Shape tests (always include 2-3)
Correctness on simple inputs (identity, zeros, known values)
Edge cases (single element, empty dimensions)
Realistic dimensions (batch sizes, sequence lengths)

Avoid:

Testing implementation details (don't assume specific method)
Brittle tests (exact float comparisons without tolerance)
Testing more than the kata's scope

Example: Complete Atomic Kata

Here's a complete example of a well-designed atomic kata:

Directory:

exercises/relu/

manifest.toml

[kata]
name = "relu"
category = "fundamentals"
base_difficulty = 1
description = """
Implement ReLU activation: max(0, x)

Rectified Linear Unit - the most common activation function.
"""
dependencies = []

template.py

import torch

def relu(x: torch.Tensor) -> torch.Tensor:
    """
    Apply ReLU activation element-wise.

    Args:
        x: Input tensor (any shape)

    Returns:
        Activated tensor (same shape as x)
    """
    # BLANK_START
    raise NotImplementedError("Return max(0, x) element-wise")
    # BLANK_END

reference.py

import torch

def relu(x: torch.Tensor) -> torch.Tensor:
    """
    Apply ReLU activation element-wise.

    Args:
        x: Input tensor (any shape)

    Returns:
        Activated tensor (same shape as x)
    """
    return torch.maximum(x, torch.zeros_like(x))

test_kata.py

import pytest
import torch
from framework import assert_shape, assert_close

try:
    from user_kata import relu
except ImportError:
    from .reference import relu


def test_output_shape():
    """Output shape matches input shape"""
    x = torch.randn(10, 20)
    y = relu(x)
    assert_shape(y, (10, 20))


def test_positive_unchanged():
    """Positive values pass through unchanged"""
    x = torch.tensor([1.0, 2.0, 3.0])
    y = relu(x)
    assert_close(y, x)


def test_negative_zeroed():
    """Negative values become zero"""
    x = torch.tensor([-1.0, -2.0, -3.0])
    expected = torch.tensor([0.0, 0.0, 0.0])
    y = relu(x)
    assert_close(y, expected)


def test_mixed_values():
    """Correctly handles mix of positive and negative"""
    x = torch.tensor([-1.0, 0.0, 1.0, -2.0, 2.0])
    expected = torch.tensor([0.0, 0.0, 1.0, 0.0, 2.0])
    y = relu(x)
    assert_close(y, expected)


def test_zero_threshold():
    """Zero maps to zero (boundary case)"""
    x = torch.tensor([0.0])
    y = relu(x)
    assert_close(y, torch.tensor([0.0]))


def test_multidimensional():
    """Works with multidimensional tensors"""
    x = torch.randn(4, 5, 6)
    y = relu(x)
    assert_shape(y, (4, 5, 6))
    assert torch.all((y >= 0) & ((y == 0) | (y == x)))

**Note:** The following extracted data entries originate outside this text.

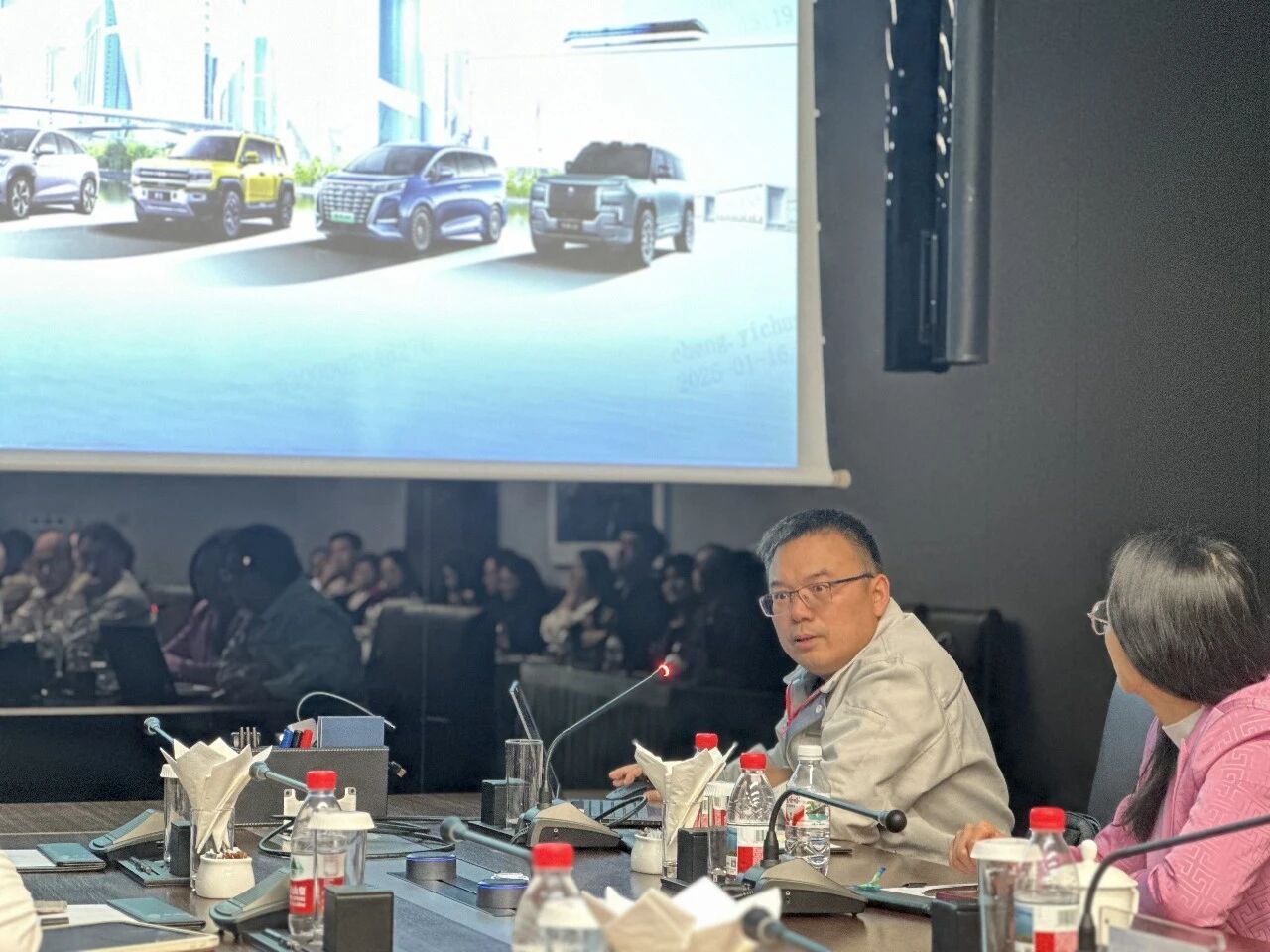 在随后的交流环节,比亚迪十五部研究院电子一部研发经理、大工机械2001级校友程怡春围绕公司业务与技术研发进展进行了分享。他指出,比亚迪坚持“全产业链+全市场”战略,已实现从电池、电机、电控到整车制造的新能源汽车全产业链自主可控。其在2010年率先推出的公交电动化战略,已在国内外市场取得显著成效。在技术创新方面,程怡春校友重点介绍了比亚迪在高频电池、第五代DMI混动系统、易四方平台、云辇智能车身控制系统以及“智驾平权”等方面的关键突破,这些成果充分展现出比亚迪在电动化与智能化融合方面的领先实力。交流过程中,师生还就比亚迪的海外布局、供应链协同、技术迭代路径等议题与现场专家展开热烈讨论,进一步对比亚迪从“技术为王”迈向“产业生态”构建的发展脉络有了更立体的认识。
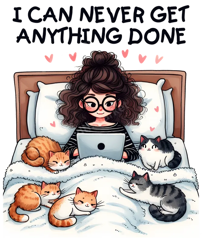 See allThis charming DTF transfer features a relatable scene: a person with curly hair and glasses, working on a laptop in bed, surrounded by five adorable cats. The text "I CAN NEVER GET ANYTHING DONE" perfectly captures the humorous reality of living with feline companions. This ready to press design brings a touch of lightheartedness and warmth, celebrating the delightful distractions of a devoted cat parent. This unique design is a must-have for anyone who adores their cats too much to be productive. It’s perfect for cat moms, cat dads, pet owners, and even students or remote workers who understand the struggle of competing with purring distractions. Ideal for casual wear, relaxed weekends, or as a thoughtful gift for birthdays, Mother's Day, or simply to bring a smile to a fellow cat enthusiast. Applying this iron on transfer is a breeze! Our high-quality heat press transfers are suitable for cotton, polyester, and various blends. For best results, use a heat press at 300-325°F for 15 seconds with medium pressure, then cold peel. For those without a professional press, a household iron can also be used. Enjoy creating custom apparel without weeding, making it a truly ready to press transfer. Experience professional quality with every application. Our DTF transfers are known for their vibrant colors, exceptional durability, and crack-resistant finish. The soft-touch feel ensures maximum comfort on any garment. Printed on premium DTF film with strong, reliable adhesive, these shirt designs provide a long-lasting, high-definition result that stands up to washes and wear. Create apparel that looks fantastic and feels great.
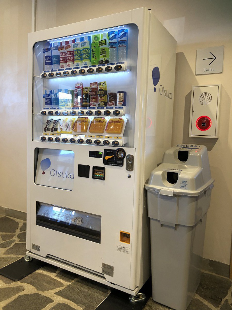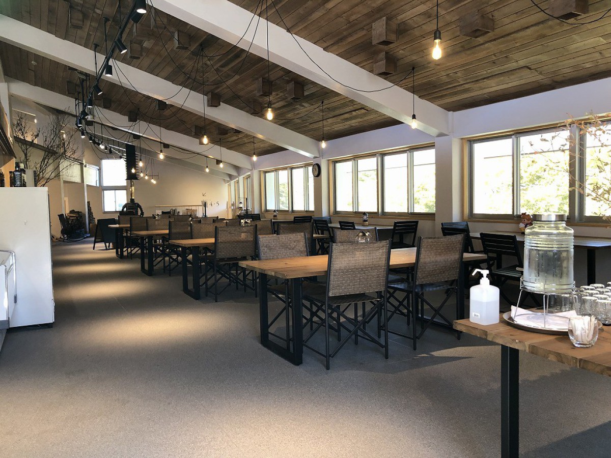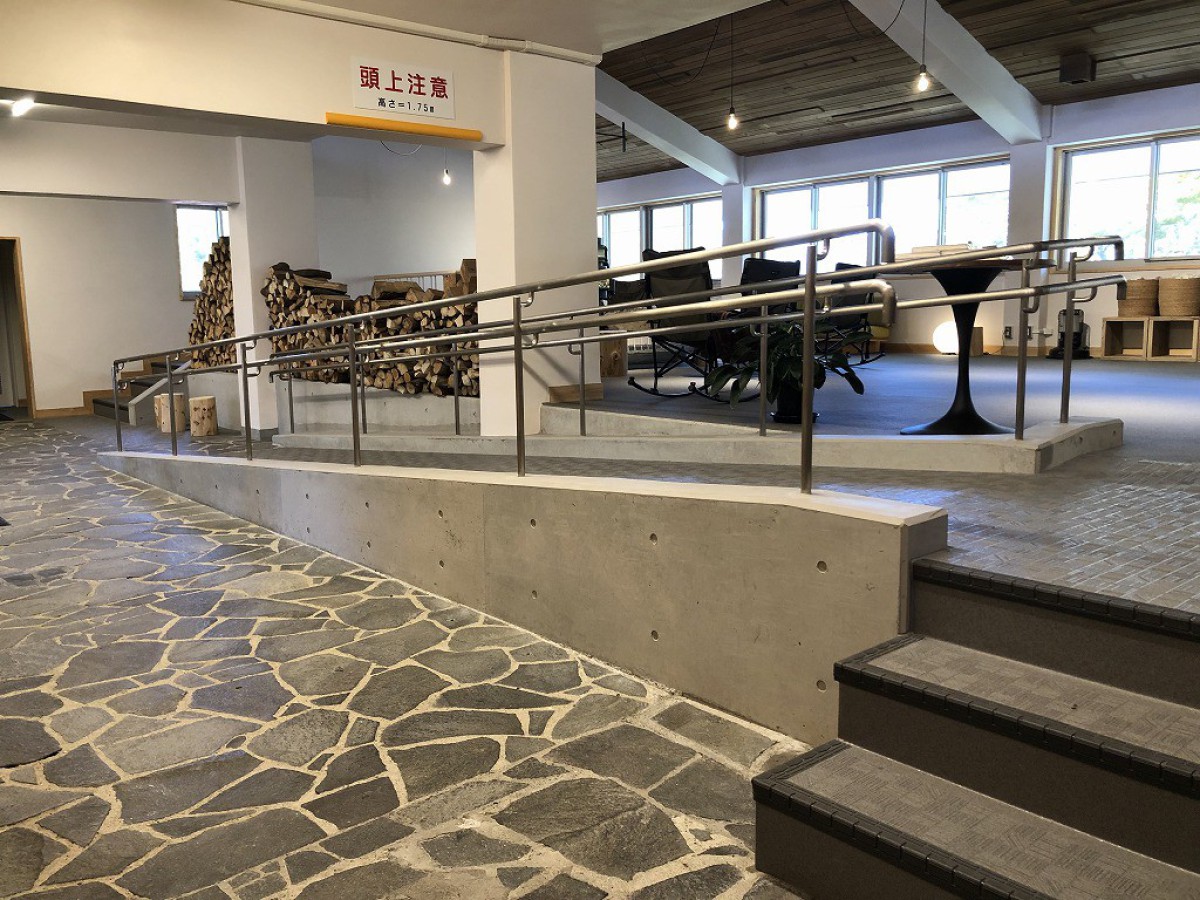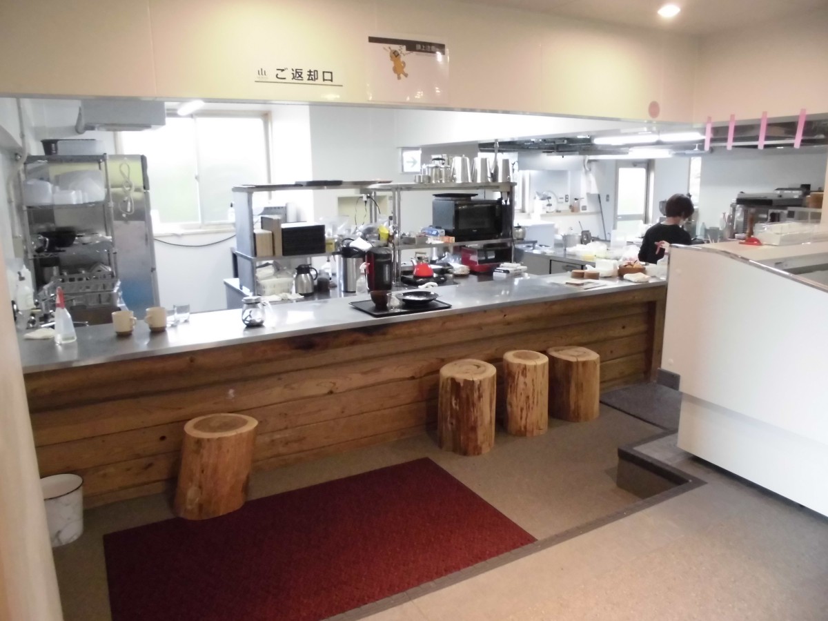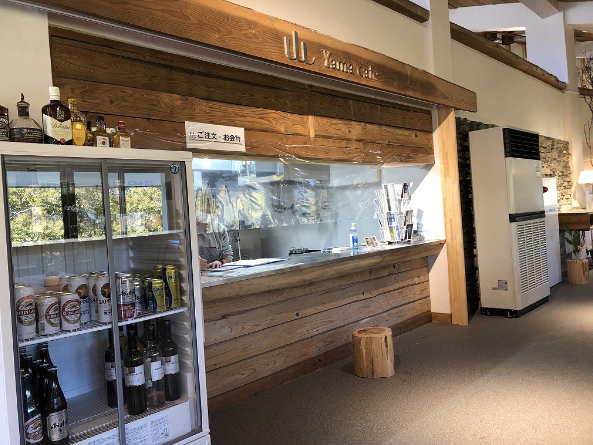 2階受付 山カフェ 注文・会計カウンター 高さ92センチ 宿泊受付もこちらで行っている
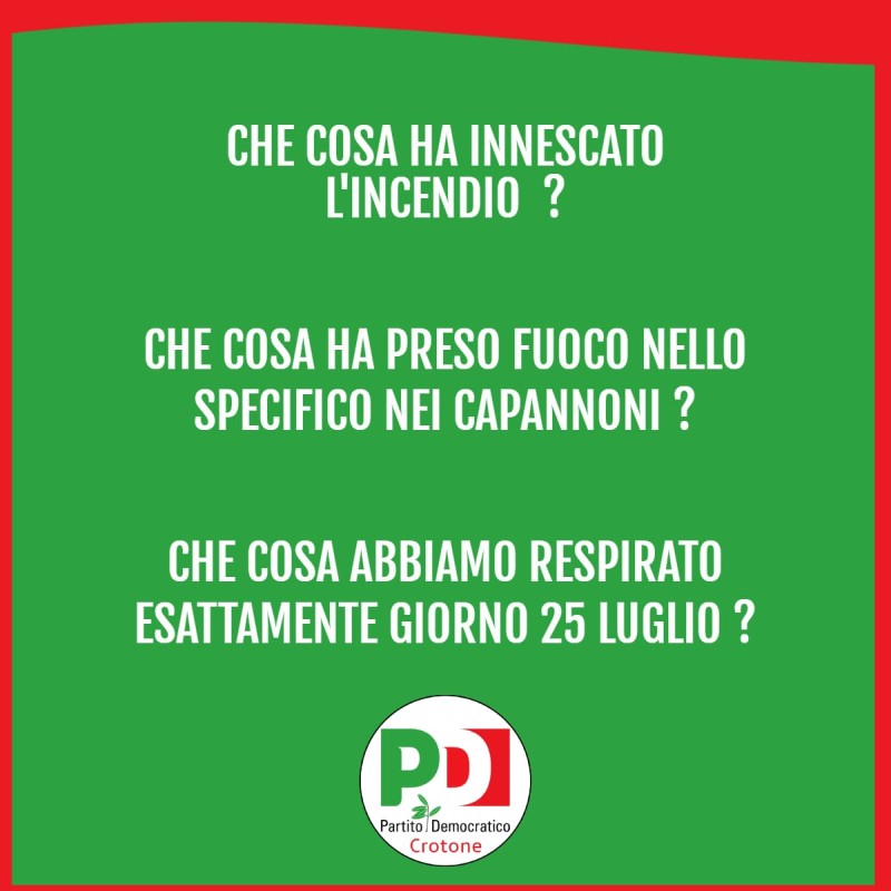 «Abbiamo ancora negli occhi la nube nera e densa che si è levata in cielo nella giornata di martedì 25 luglio e che ha destato non poche preoccupazioni nella comunità crotonese

This kata demonstrates all the principles:

Atomic (one function: ReLU)
Complete type hints and docstring
Single BLANK_START/BLANK_END
Clean reference implementation
Comprehensive tests (6 tests covering all cases)
Appropriate difficulty (1 for basic operation)
Clear, concise description

FAQ

Q: What if a concept naturally requires multiple functions?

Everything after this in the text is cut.